Zadar is a cute provincial town on the northern coast of Croatia. Sitting prominently on a rocky peninsula, Zadar is a compact city steeped in history. It is fabulously old here and has seen continuous settlement since 4000 years BC (6000 years ago!). Since then, through power struggles, sieges, conquests, migration and crusades, Zadar have seen several different rulers including the Romans, Austrians and Yugoslavs.

See and Do – Zadar, Croatia

It’s really hot and much of Europe is still waiting for AC to arrive en masse. Cooler times of day are the early morning before 9am or after sunset. The city is a ghost town in the mornings so you’re well positioned to beat the crowds. We did a self-guided tour which turned out to be a great 3 hours of treasure hunting – recommended as it saves you the €15 on a regular tour.

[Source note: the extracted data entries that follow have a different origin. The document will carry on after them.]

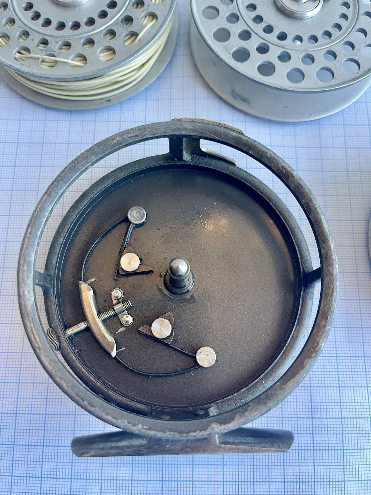 This reel was passed on to me over 50 years ago and it’s caught fish every season since then. I’m thinning out all my tackle so everything must go. It comes with two spare spools, one is empty and the other two are both loaded with Hardy Dry Fly DT-6 lines. It is currently set up for lefthand wind but is designed to be and can easily be changed to righthand. I’m sorry to see it go but have limited space
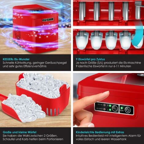 KESSER Eiswürfelmaschine, 2,2 Liter Wassertank für zwei Eiswürfel-Größen, schnelle und ruhige Produktionszeit, integrierter Energiesparmodus
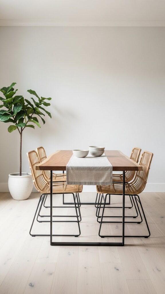 Rattan furniture instantly transports your dining room to a breezy coastal villa. The honey-toned weave catches light beautifully, creating shadows and depth that solid furniture simply can’t match.
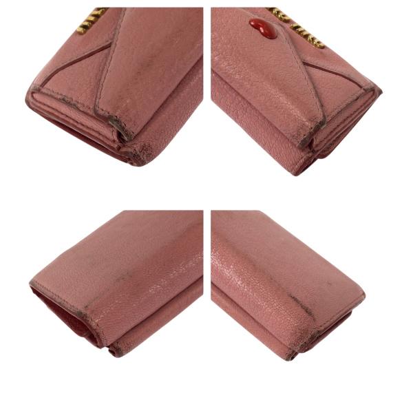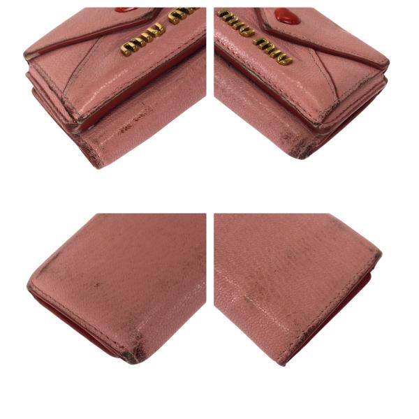 MIUMIU ミュウミュウ マドラス ラブ ピンク レッド ゴールド金具 レザー 折財布 コンパクトウォレット レディース 601085
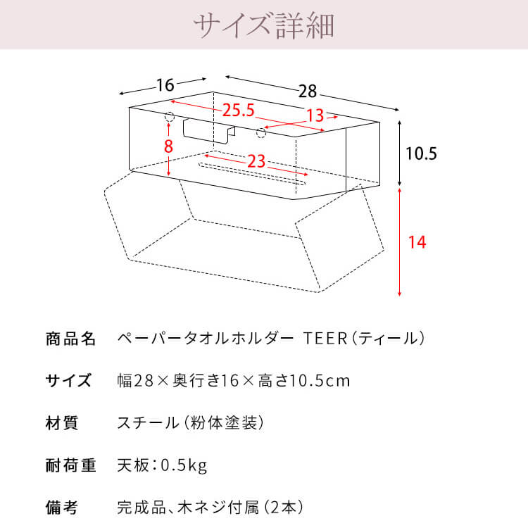 壁にネジ止めするだけで設置可能で洗面所やキッチンなど、省スペースで使用することができる壁付け式のペーパータオルホルダーです。
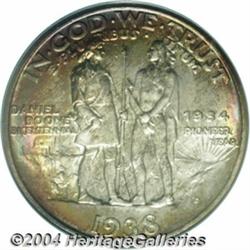 <table><tr><td><table><tr><td>1938-D 50C Boone MS67 PCGS. There is a patchwork of mottled colors on both sides that include orange, jade-green, crimson, and antique-gold hues. Not only is the eye appeal extraordinary, but the surfaces possess uncommonly strong technical merits that include a silky smooth sheen. Population: 27 in 67, with a mere three finer (3/04).From the Fox Valley Coin Commemoratives. <BR><BR><B>Important notice:</B> Heritage usually auctions material at the rate of 200-250 lots per hour. On some occasions eBay Live bid software or the Internet may not be able to keep up with the pace of the auction. We recommend placing a realistic absentee bid now as insurance to avoid disappointment. Occasionally the auctioneer may eliminate or reject an eBay Live bid, and the auctioneer may also reopen a lot after the close of the eBay live bidding (usually because we missed an audience bid), and may reject your bid even if it shows you as the winning bidder. By bidding via eBay Live, you agree that Heritage may award the lot to another bidder at its sole discretion under the circumstances described above or any other reasonable circumstances. Since eBay bids are not shown to us until we open the lot on the floor, we treat those bids just like floor bids. In most cases the floor responds before the eBay bid is presented to us, due to Internet lag time, so for consistency we have made it a policy that floor bids are always considered first over tie eBay live bids. Also please note that all Heritage lots purchased through eBay Live carry a 20% Buyer's Premium. Please make sure you read the Terms and Conditions before you bid. <BR><BR><B>IMPORTANT ANNOUNCEMENT ABOUT RESERVES:</B> Heritage now divulges all reserves on its web site 7 days before every auction. If you want to know whether the reserve on this lot has been met, and if not, what the reserve amount is, please visit this lot page on the HeritageCoin.com web site, or email: bid@HeritageGalleries.com </span></font></td></tr></table></td></tr></table>

You’ll notice how Zadar feels like a time machine, you will find yourself navigating the narrow streets and beautiful Romanesque architecture. Grab a gelato for 8kn (€1) and explore the Forum, St Anastasia Bell Tower (15kn, €2) and public squares. Later in the evening don’t forget to check out the Sea Organ. A series of pipes have been drilled into the sea wall, they resonate with the crashing waves, creating strange and eery sounds.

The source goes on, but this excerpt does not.